Fragility Comparison for Soft Storey Infill Reduced Structures by Incremental Dynamic Analysis

Abstract

A keen understanding of how a structure behaves when it is exposed to earthquake scenarios is required in order to foresee and avert the adverse effects and consequences when such a incident occurs, with the current rate of development in our country the construction of mid and high rise residential apartments are rapidly increasing but the data to understand such structures is insufficient, this data includes seismic vulnerability of structures, hazard maps of earthquake prone areas, seismic risks involved for a structure, this data provides the insight of what magnitude of risks are at hand when a earthquake scenario occurs and how to avert or minimize the losses with those risks [1]. In the present study, an effort is made to determine the behavior of soft Storey structures for various parameters when it is exposed to an earthquake ground motion; this includes the development of models analytically with the existence of soft Storey in them with different infill reductions and analyzing them, two models with varying heights and plot areas are considered for this study, this four models are modeled in such a way that different variations of soft Storey existence depending on the location of walls, percentage of infill reductions among different walls are done, a total of eight variety of models are been analyzed in both the X and Y directions.
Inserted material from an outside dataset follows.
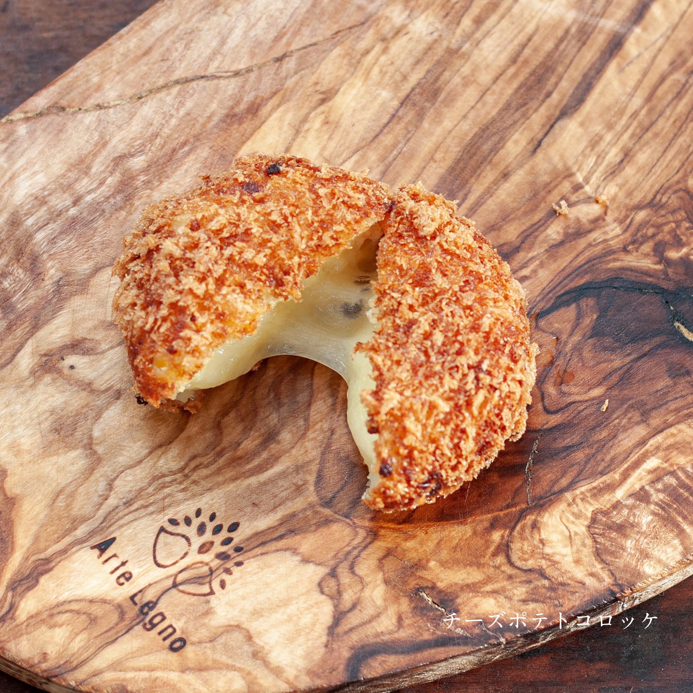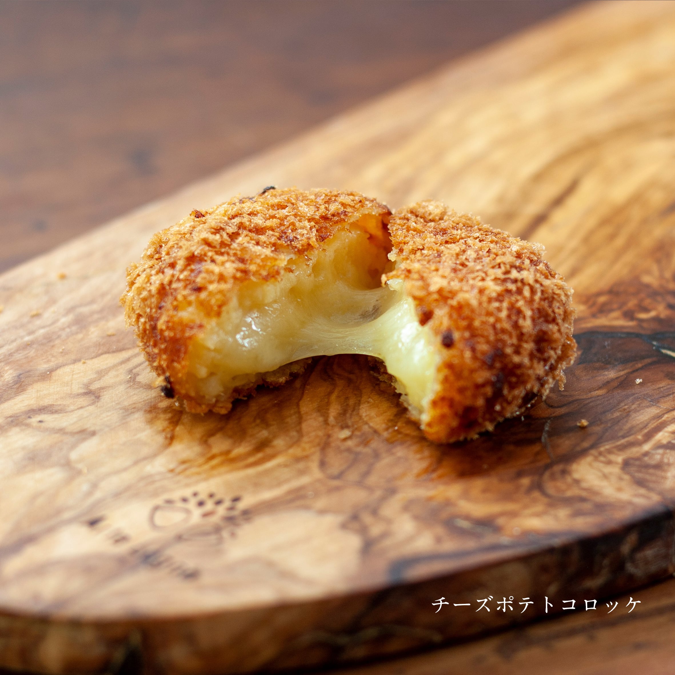 じゃがいも生地に風味豊かなプロセスチーズとエダムチーズを練り込み、さらに中心部には加熱でとろけるステッペンチーズを大胆に包み込みました。3種のチーズの濃厚なハーモニーが楽しめる、チーズ好きのためのごちそうコロッケです。
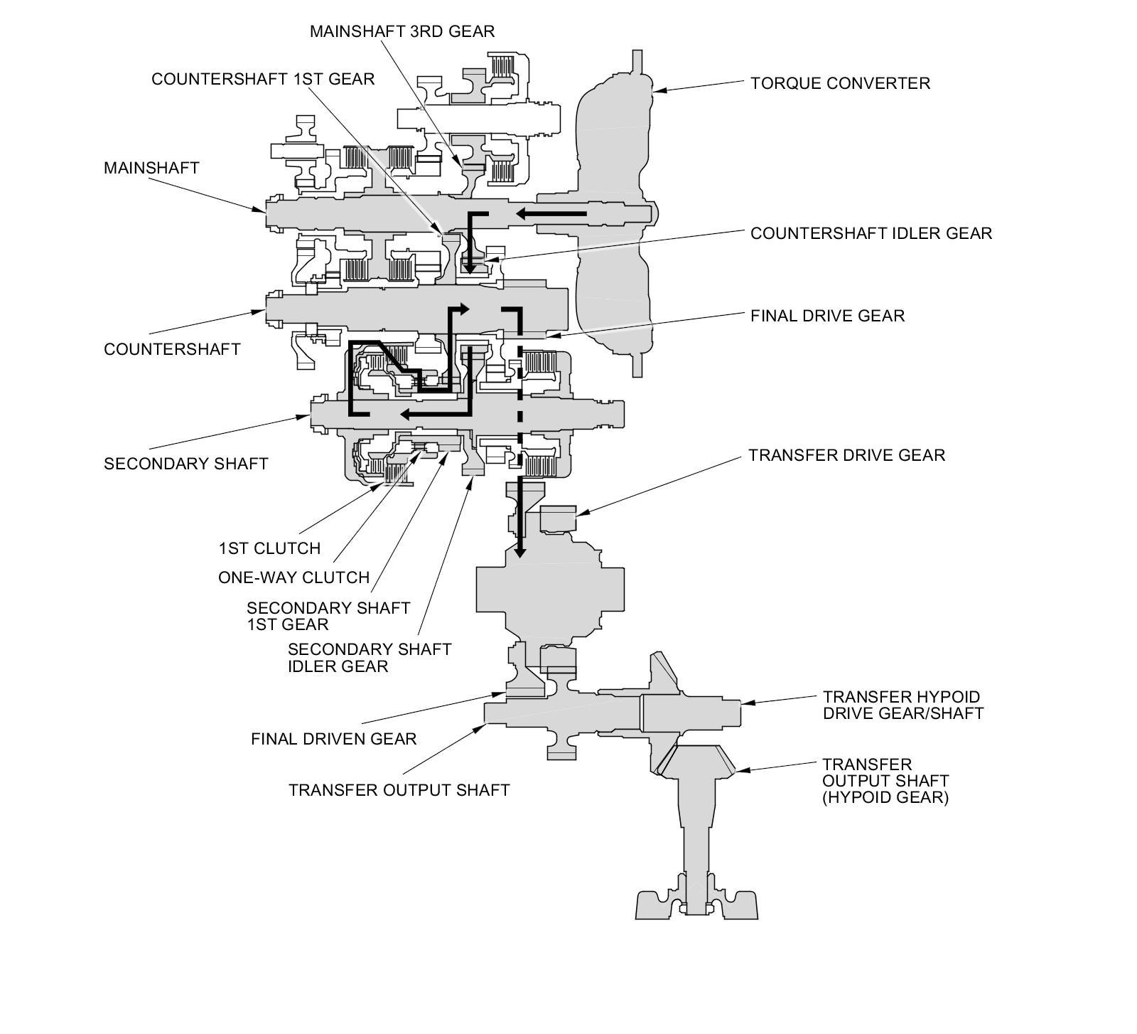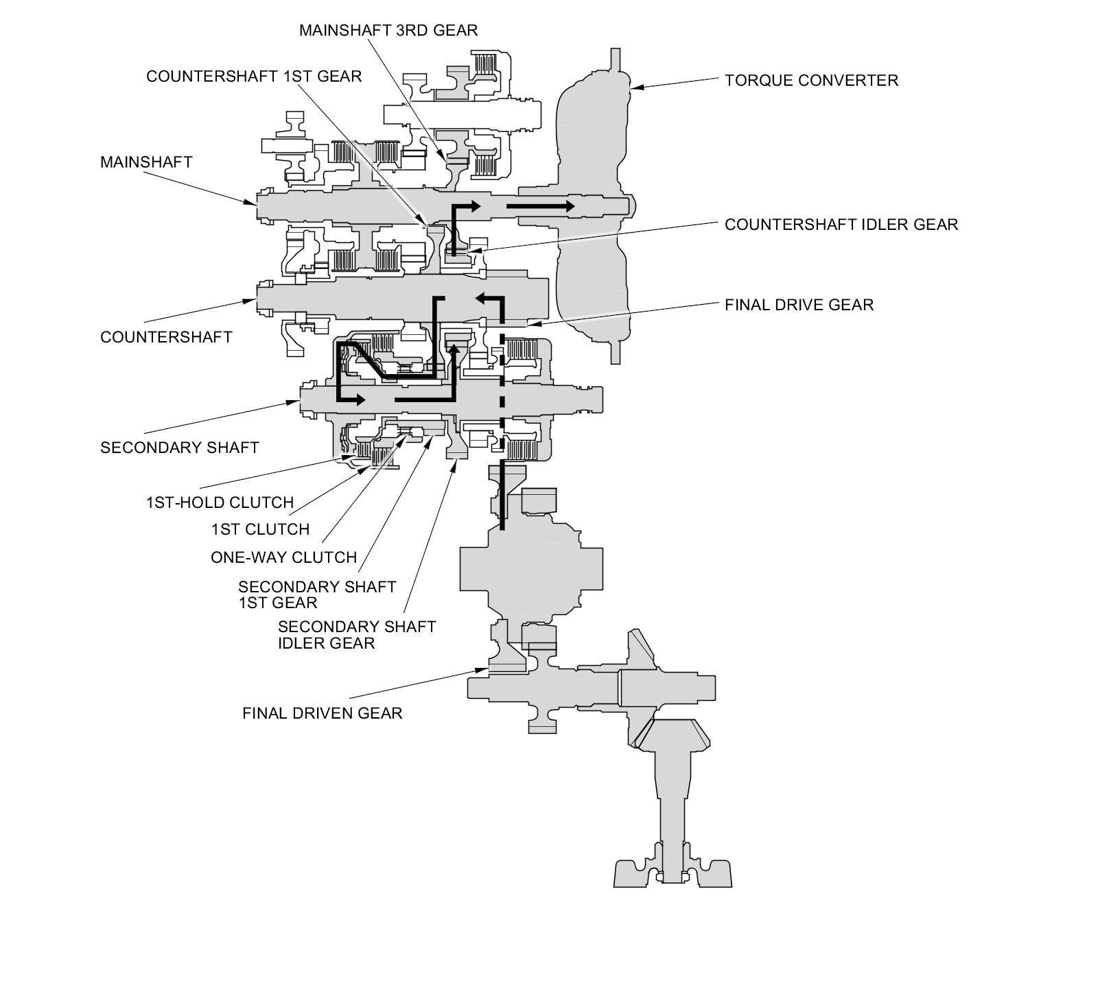 - The countershaft 1st gear drives the secondary shaft 1st gear, which in turn drives the secondary shaft via the 1st-hold clutch.

It is concluded that in all the models the fragility is higher in the models with lower lateral dimensions, as the length of the side decreases the fragility of that side is increasing. The Model without reduction performed efficiently showing less probability to collapse and that height and plan dimensions of the model are dependent on each other for the increase or decrease of fragility in a structure. If the height increases with the same model plan dimensions, the fragility of the structure also increases, if the plan dimension increases the fragility of the structure decreases.